10/07 Verwaltungsgerichtshof;
10/10 Datenschutz;
40/01 Verwaltungsverfahren;

Norm

AVG §56;
DSG 2000 §30 Abs6;
DSG 2000 §30;
VwGG §34 Abs1;

Betreff

Der Verwaltungsgerichtshof hat durch die Vorsitzende Senatspräsidentin Dr. Giendl und die Hofräte Dr. Bernegger und Dr. Waldstätten als Richter, im Beisein der Schriftführerin Mag. Khozouei, in der Beschwerdesache der U GmbH in W, vertreten durch Mag. Dr. Bertram Burtscher, Rechtsanwalt in Wien 1, Seilergasse 16, gegen die Erledigung der Datenschutzkommission vom 29. September 2006, Zl. K213.000/0005-DSK/2006, betreffend eine Empfehlung nach § 30 DSG 2000, den Beschluss gefasst:

Spruch

Die Beschwerde wird zurückgewiesen.

Begründung

Mit der angefochtenen, mit "Empfehlung" überschriebenen Erledigung erging gemäß § 30 Abs. 6 DSG 2000 die Empfehlung an die Beschwerdeführerin, diese möge innerhalb einer Frist von vier Wochen ab Zustellung der Empfehlung Vorsorge dafür treffen, dass in Hinkunft nähere bezeichnete Daten ohne Zustimmung des Benutzers nicht mehr gespeichert werden, was in einem mit "Begründung" überschriebenen Abschnitt der angefochtenen Erledigung näher begründet wurde.
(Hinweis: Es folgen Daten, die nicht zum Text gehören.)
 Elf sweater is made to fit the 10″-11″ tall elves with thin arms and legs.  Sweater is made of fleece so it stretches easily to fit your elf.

Die belangte Behörde kam darin zum Ergebnis, dass ein rechtswidriger Zustand bestehe, und zur Beseitigung dieses rechtswidrigen Zustandes die "vorliegende Empfehlung auf Grundlage des § 30 Abs. 6 DSG 2000 auszusprechen" gewesen sei.

Dagegen richtet sich die vorliegende Beschwerde wegen inhaltlicher Rechtswidrigkeit und Rechtswidrigkeit infolge Verletzung von Verfahrensvorschriften.
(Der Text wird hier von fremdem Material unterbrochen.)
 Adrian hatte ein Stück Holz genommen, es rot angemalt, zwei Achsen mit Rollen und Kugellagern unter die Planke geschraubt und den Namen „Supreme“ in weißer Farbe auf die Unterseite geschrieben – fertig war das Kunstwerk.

Im Beschwerdefall ist das Datenschutzgesetz 2000 (DSG 2000), BGBl. I Nr. 165/1999, in der Fassung BGBl. I Nr. 13/2005, anzuwenden.

§ 30 DSG 2000 lautet:

"Kontrollbefugnisse der Datenschutzkommission

§ 30. (1) Jedermann kann sich wegen einer behaupteten Verletzung seiner Rechte oder ihn betreffender Pflichten eines Auftraggebers oder Dienstleisters nach diesem Bundesgesetz mit einer Eingabe an die Datenschutzkommission wenden.
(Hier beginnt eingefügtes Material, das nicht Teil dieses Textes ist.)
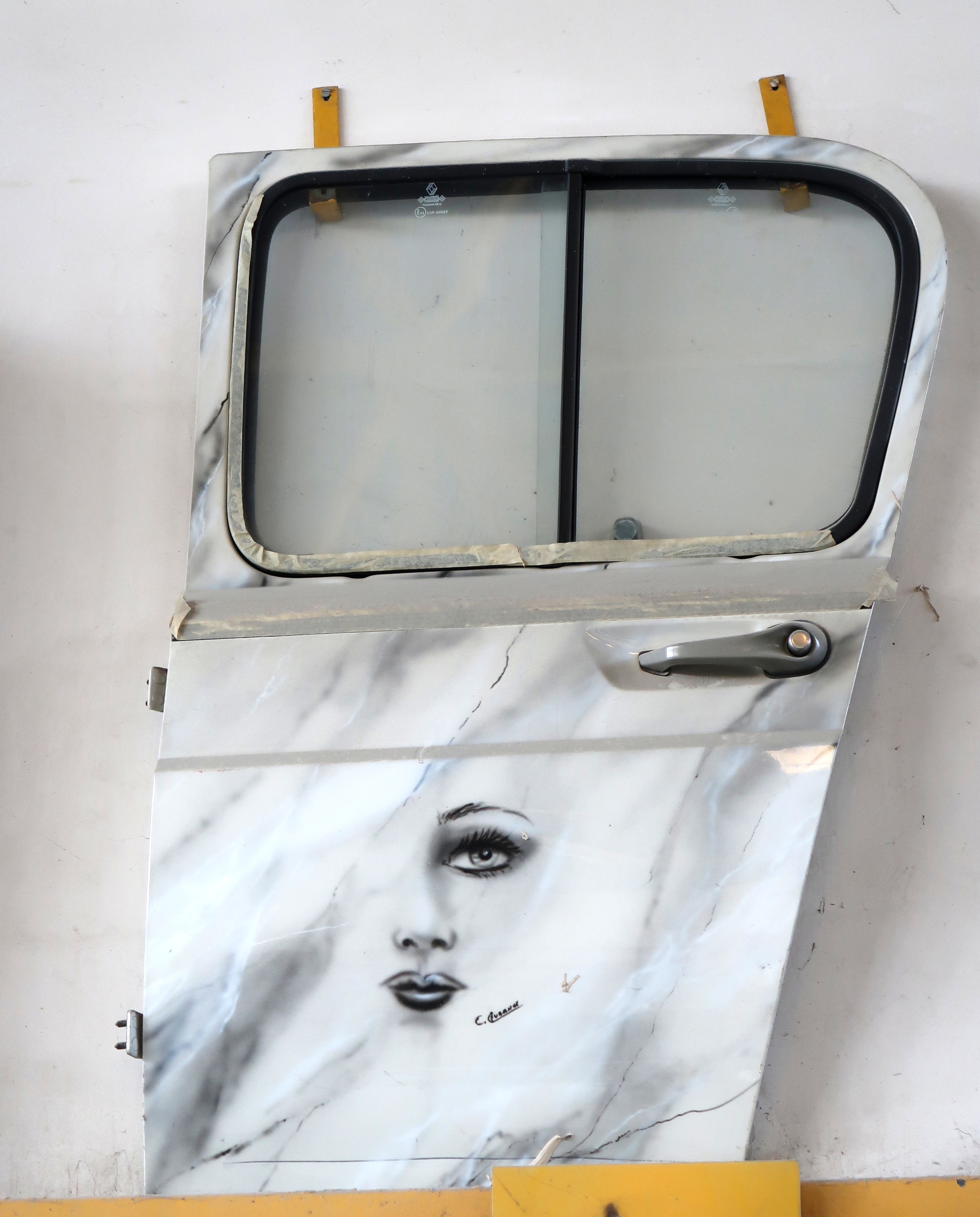 Réalisation d'élève en CAP peinture sur carrosserie. Porte de 4 L.Immatriculation

(2) Die Datenschutzkommission kann im Fall eines begründeten Verdachtes auf Verletzung der im Abs. 1 genannten Rechte und Pflichten Datenanwendungen überprüfen. Hiebei kann sie vom Auftraggeber oder Dienstleister der überprüften Datenanwendung insbesondere alle notwendigen Aufklärungen verlangen und Einschau in Datenanwendungen und diesbezügliche Unterlagen begehren.

(3) Datenanwendungen, die der Vorabkontrolle gemäß § 18 Abs. 2 unterliegen, dürfen auch ohne Vorliegen eines Verdachts auf rechtswidrige Datenverwendung überprüft werden. Dies gilt auch für jene Bereiche der Vollziehung, in welchen ein Auftraggeber des öffentlichen Bereichs die grundsätzliche Anwendbarkeit der §§ 26 Abs. 5 und 27 Abs. 5 in Anspruch nimmt.

(4) Zum Zweck der Einschau ist die Datenschutzkommission nach Verständigung des Inhabers der Räumlichkeiten und des Auftraggebers (Dienstleisters) berechtigt, Räume, in welchen Datenanwendungen vorgenommen werden, zu betreten, Datenverarbeitungsanlagen in Betrieb zu setzen, die zu überprüfenden Verarbeitungen durchzuführen sowie Kopien von Datenträgern in dem für die Ausübung der Kontrollbefugnisse unbedingt erforderlichen Ausmaß herzustellen. Der Auftraggeber (Dienstleister) hat die für die Einschau notwendige Unterstützung zu leisten. Die Kontrolltätigkeit ist unter möglichster Schonung der Rechte des Auftraggebers (Dienstleisters) und Dritter auszuüben.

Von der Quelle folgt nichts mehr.